Il permet d’associer les gains de la productivité du travail à l’essor de la consommation de masse qui améliore le confort des ménages, ceci est particulièrement spectaculaire pour l’équipement électroménager et pour l’automobile.
Cependant, un des paradoxes de cette période de croissance industrielle est la persistance d’une forte conflictualité des rapports sociaux.
Pendant les trente années de la grande croissance, la France n’a pas été socialement apaisée[239]. A l’inverse des notions de progrès chantées par J. Fourastié, le Parti communiste qui représente entre 20 et 25% des suffrages pendant le période et la CGT qui largement majoritaire dans la plupart des bastions industriels, évoquent une « paupérisation » (un appauvrissement) relative ou absolue des ouvriers et l’organisation syndicale évoque des diminutions du pouvoir d’achat alors que c’est l’inverse qui se produit. En 1970, plus de 57% des ménages ont une auto et plus de 70% une télévision. Une historienne a dressé un inventaire de la conflictualité qui contraste avec l’imaginaire d’une croissance heureuse[240].
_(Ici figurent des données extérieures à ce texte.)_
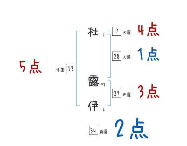 総運![]() | 杜露伊さんの総運は34画の2つ星!独創性に優れるが、自尊心が強く災難に注意しましょう。 あなたの人生を表す1番重要な運勢です。生涯を通じて影響する総合運となり、主に50歳以降の晩年期に影響を及ぼします。 |
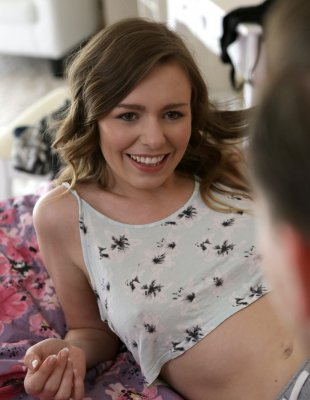 Две сексуальные студентки в коротких шортиках устроили своему знакомому пареньку ЖМЖ с минетом и глотанием спермы.
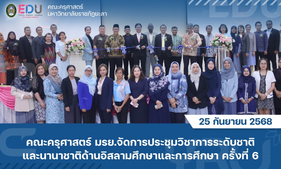 เมื่อวันที่ 25 กันยายน 2568 ที่ผ่านมา คณะครุศาสตร์ มหาวิทยาลัยราชภัฏยะลา จัดการประชุมวิชาการระดับชาติและนานาชาติด้านอิสลามศึกษาและการศึกษา ครั้งที่ 6 ภายใต้หัวข้อ “อิสลามศึกษาและการศึกษาเพื่อการพัฒนาในยุค AI” ในรูปแบบกึ่งออนไลน์ โดยได้รับเกียรติจาก
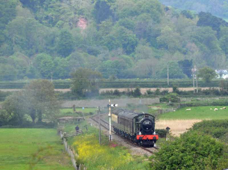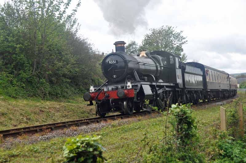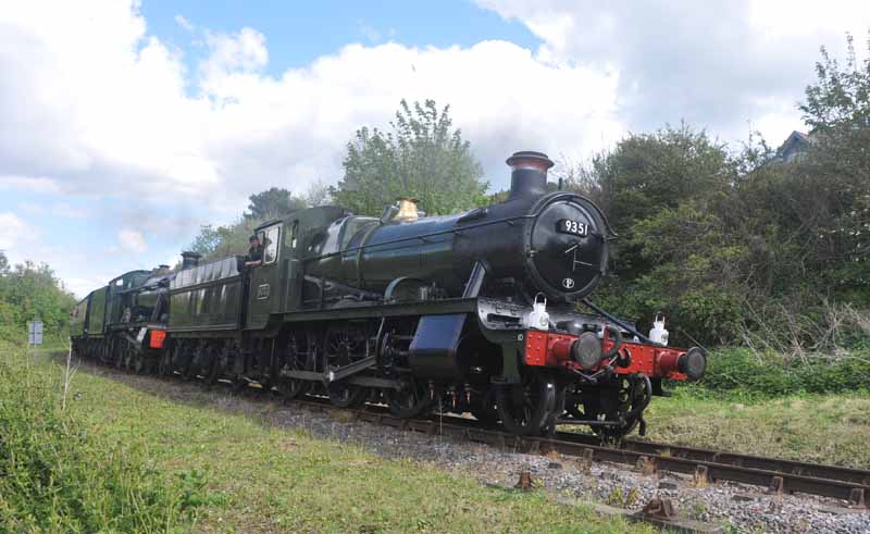 9351 and 6990 Witherslack Hall double head a train towards Watchet.

Sans reprendre ici l’inventaire, on cite l’exemple des mineurs du charbon qui, du début de la période[241] à l’année 1963, ont marqué la chronique sociale. Peut-être d’autant plus parce que ces conflits, pour les salaires et les conditions de travail, puis contre la fermeture des mines, se déroulent dans une entreprise nationale, les Charbonnages de France.
Bien entendu, la période de la grande croissance s’achève après les contestations massives et multiformes de la crise politique et sociale de 1968. C’est bien là un paradoxe fondamental, jamais la croissance n’a été aussi vive, avec un regain fort en 1969, jamais elle n’aura été autant contestée.
Notes :
[239] Xavier Vigna, Histoire des ouvriers en France au XXe siècle, Paris, Perrin, 2012.
[240] Michelle Zancarini-Fournel, Les luttes et les rêves. Une histoire populaire de la France de 1685 à nos jours. Editions de la Découverte, Paris, 2016, 995 p.
[241] Marion Fontaine, et Xavier Vigna. « La grève des mineurs de l'automne 1948 en France », Vingtième Siècle. Revue d'histoire, vol. 121, no. 1, 2014, pp. 21-34.